Segundo especialistas, a onda de greves que se espalhou em grandes canteiros país afora nas últimas semanas — como canteiros de estádios da Copa na Bahia e no Ceará, além da Usina Hidrelétrica de Belo Monte, no Pará — mostra as dificuldades das empresas em administrar grandes obras e dar condições necessárias para atender às migrações de mão de obra que elas provocam.

Agenciadores prometem “mundos e fundos”
João Benigno, natural de Pinheiro, no Maranhão, foi chamado por uma agência de emprego em sua cidade natal para trabalhar de pedreiro numa das empreiteiras que atuam no Comperj, com salário de R$ 1.302 e alojamento no Rio. O salário está sendo pago. O alojamento, não. Segundo Benigno, a empresa informou que houve um equívoco da agência que o sondou. Ele gasta agora R$ 400 de aluguel para morar em Itaboraí, na região metropolitana do Rio, próximo do canteiro.

— Vim porque o salário é maior do que em Pinheiro, de R$ 700. Tenho mãe, pai e irmã no Maranhão. Vou esperar o fim da greve. Dependendo de como terminar, vou decidir se fico ou volto — conta ele.

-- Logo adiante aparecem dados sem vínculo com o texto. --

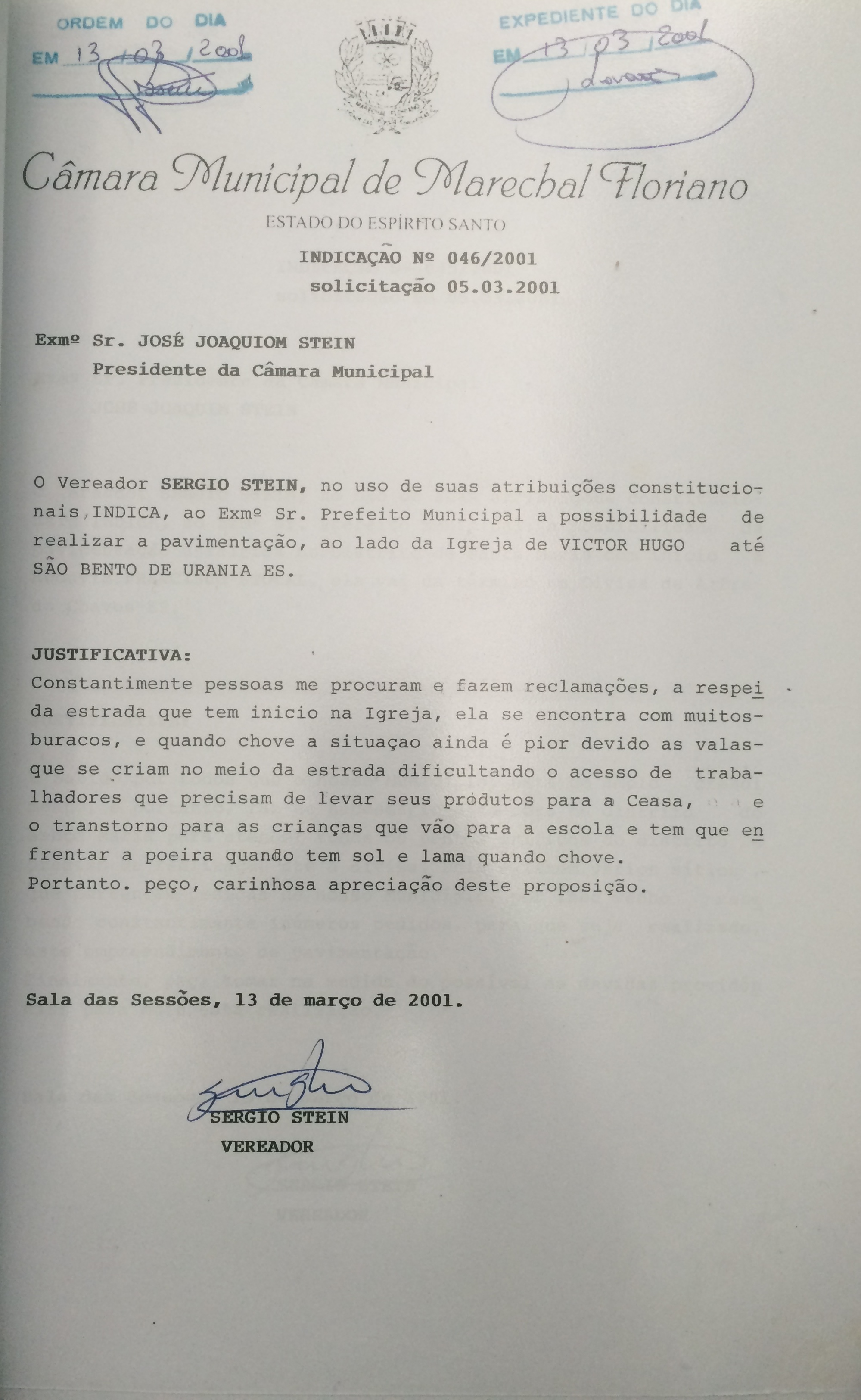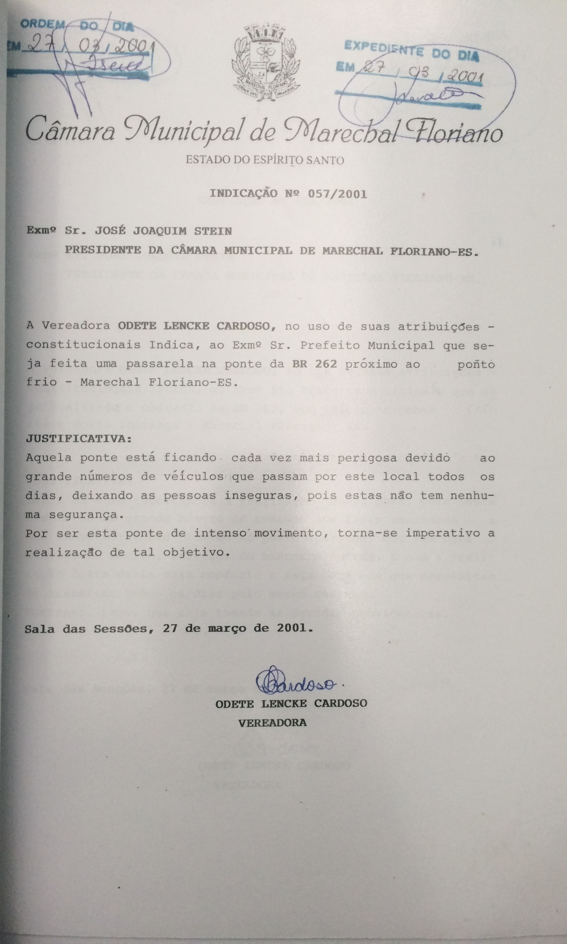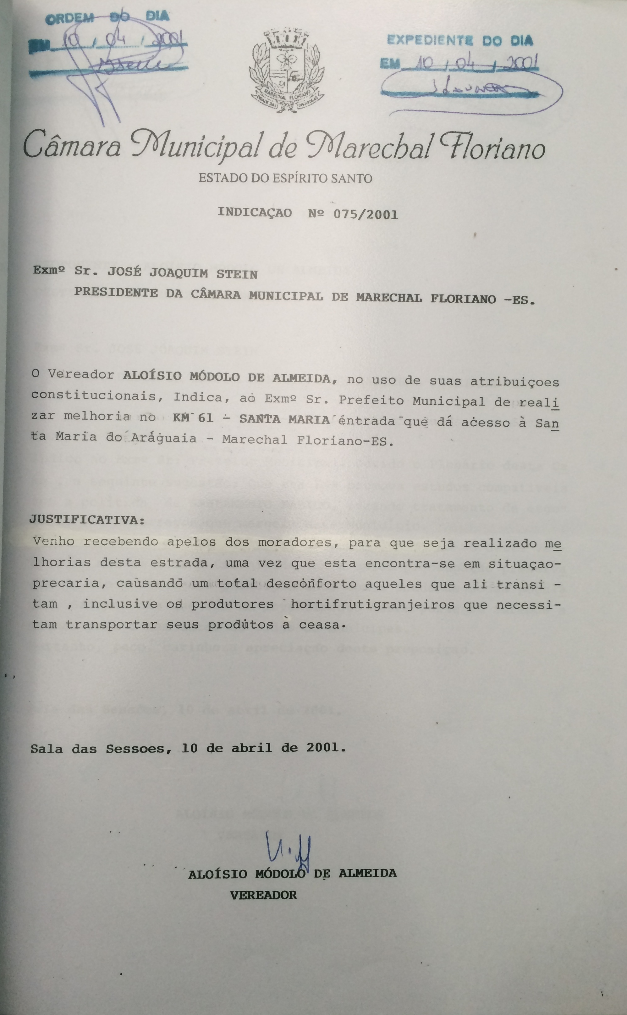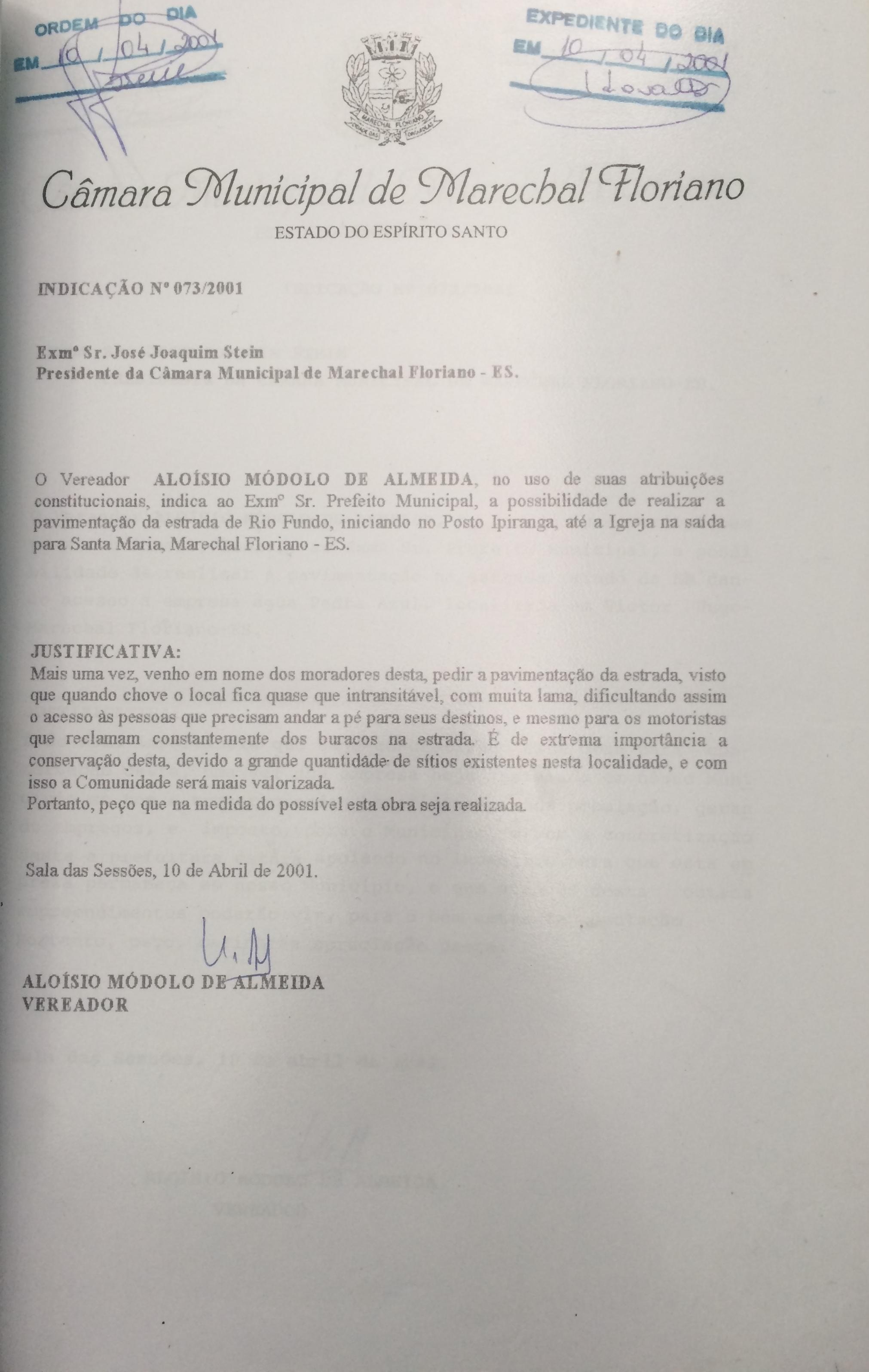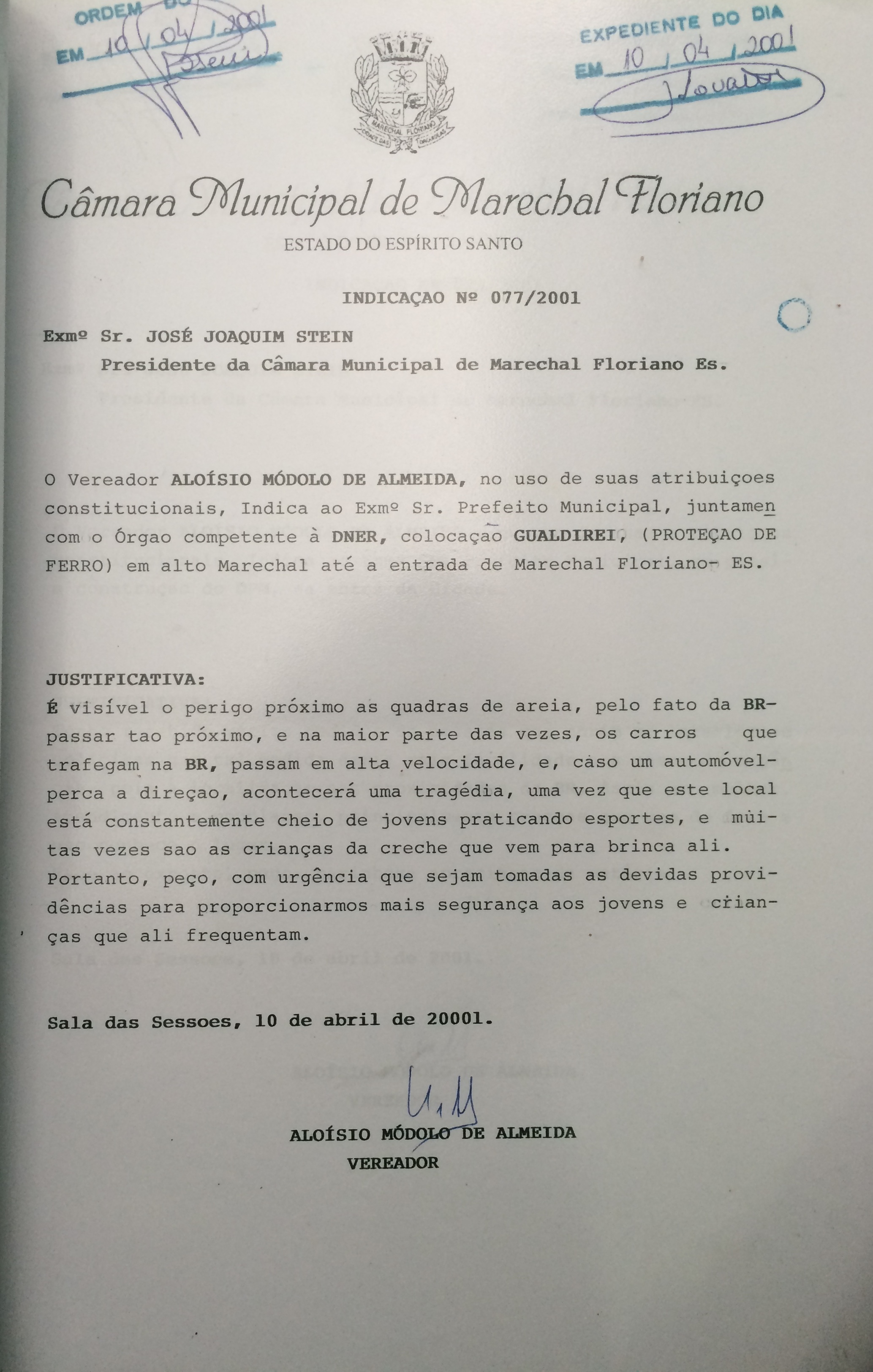 Ementa: INDICA A COLOCAÇÃO GUALDIREI, (PROTEÇÃO DE FERRO), EM ALTO MARECHAL ATÉ A ENTRADA DE MARECHAL FLORIANO-ES.

Já o goiano Glenio das Dores Ferreira, que trabalha na área de montagem, queixa-se que não recebeu reembolso prometido das passagens para vir ao Rio trabalhar nas obras:

— Quando chamam a gente para trabalhar aqui, prometem muita coisa. Quando a gente chega, tudo muda.

Segundo Luiz Augusto Rodrigues, secretário-geral do Sindicato dos Trabalhadores da Construção, Montagem, Manutenção e Mobiliário de São Gonçalo, Itaboraí e Região (Sinticom), os funcionários chamados por “gatos” — como são chamados os agenciados de mão de obra — são maioria nas obras do Comperj.

— As empreiteiras preferem gente treinada, acostumada com trabalho pesado, e trouxeram muita gente de fora para a obra. Essas pessoas estão tendo uma série de direitos desrespeitados, o que gera insatisfação e tensão — diz Rodrigues.

Sem alojamento adequado oferecido pelas empresas, os trabalhadores do Comperj se instalaram por conta própria em Itaboraí e outros municípios da região, como Cachoeiras de Macacu, Magé e São Gonçalo. Moradores construíram “puxadinhos” no terreno de suas casas e passaram a alugá-los. No bairro de Vila Rica, em Itaboraí, há quase um ano, nove conterrâneos de Tabuleiro do Norte, município no Ceará, dividem uma casa de dois cômodos e um banheiro. Dois dormem em redes, na varanda. E como há muita gente na casa, às vezes, são obrigados a usar um bueiro como banheiro. Há um fogão e uma geladeira antigos, com a porta fechada por uma amarração de fios. Eles pagam R$ 580 de aluguel do próprio bolso.

— O trabalho não é bom de boca (o salário não é suficiente para se manter e mandar dinheiro para família) e a gente não consegue juntar dinheiro. Deixei mulher e filho no Ceará. Tem que sobrar para mandar para eles. Mas não penso em voltar agora. Estamos acostumados a viver no mundo — diz o cearense Sandro Maia, que trabalha na carpintaria do Comperj.

Para Atnágoras Lopes, coordenador da Central Sindical Popular Conlutas, a desilusão dos trabalhadores do Comperj é também sentida em obras como da usina hidrelétrica de Belo Monte, no Pará. Embora não haja o mesmo grau de isolamento do trabalhador, ele explica que existem semelhanças com o trabalho degradante.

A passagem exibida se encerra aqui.